**RECORDS TO USE:**
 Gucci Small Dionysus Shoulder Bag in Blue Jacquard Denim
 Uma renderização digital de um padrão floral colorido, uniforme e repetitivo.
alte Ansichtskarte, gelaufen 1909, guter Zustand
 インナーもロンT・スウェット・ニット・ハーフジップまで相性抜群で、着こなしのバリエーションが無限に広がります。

--

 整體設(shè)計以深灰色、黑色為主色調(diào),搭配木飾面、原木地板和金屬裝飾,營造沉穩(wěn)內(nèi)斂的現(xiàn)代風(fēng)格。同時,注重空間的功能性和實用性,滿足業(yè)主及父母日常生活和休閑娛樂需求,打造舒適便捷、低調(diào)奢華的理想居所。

* * *

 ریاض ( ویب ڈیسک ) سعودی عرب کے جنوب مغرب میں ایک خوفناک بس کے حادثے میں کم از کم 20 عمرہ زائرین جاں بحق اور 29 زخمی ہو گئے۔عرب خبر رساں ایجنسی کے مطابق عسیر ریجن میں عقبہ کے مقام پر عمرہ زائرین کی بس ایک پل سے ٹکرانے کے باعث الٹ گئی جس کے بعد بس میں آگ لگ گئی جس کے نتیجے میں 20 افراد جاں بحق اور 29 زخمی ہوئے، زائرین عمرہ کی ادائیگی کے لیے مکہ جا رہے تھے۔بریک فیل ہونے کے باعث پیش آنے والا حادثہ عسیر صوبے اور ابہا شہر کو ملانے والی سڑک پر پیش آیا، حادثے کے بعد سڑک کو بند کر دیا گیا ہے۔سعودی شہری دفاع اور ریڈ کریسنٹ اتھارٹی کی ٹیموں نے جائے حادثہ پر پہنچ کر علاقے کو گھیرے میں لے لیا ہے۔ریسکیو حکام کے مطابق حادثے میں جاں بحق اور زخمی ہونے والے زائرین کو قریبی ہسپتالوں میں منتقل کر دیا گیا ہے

**ABOUT THIS TASK:** Out of the data above, set down the lines from the one with "Gucci Small Dionysus" to the one with "インナーもロンT・スウェット", both included, exactly as written and with no additions.

**RESPONSE TO THIS EXERCISE:**
 Gucci Small Dionysus Shoulder Bag in Blue Jacquard Denim
 Uma renderização digital de um padrão floral colorido, uniforme e repetitivo.
alte Ansichtskarte, gelaufen 1909, guter Zustand
 インナーもロンT・スウェット・ニット・ハーフジップまで相性抜群で、着こなしのバリエーションが無限に広がります。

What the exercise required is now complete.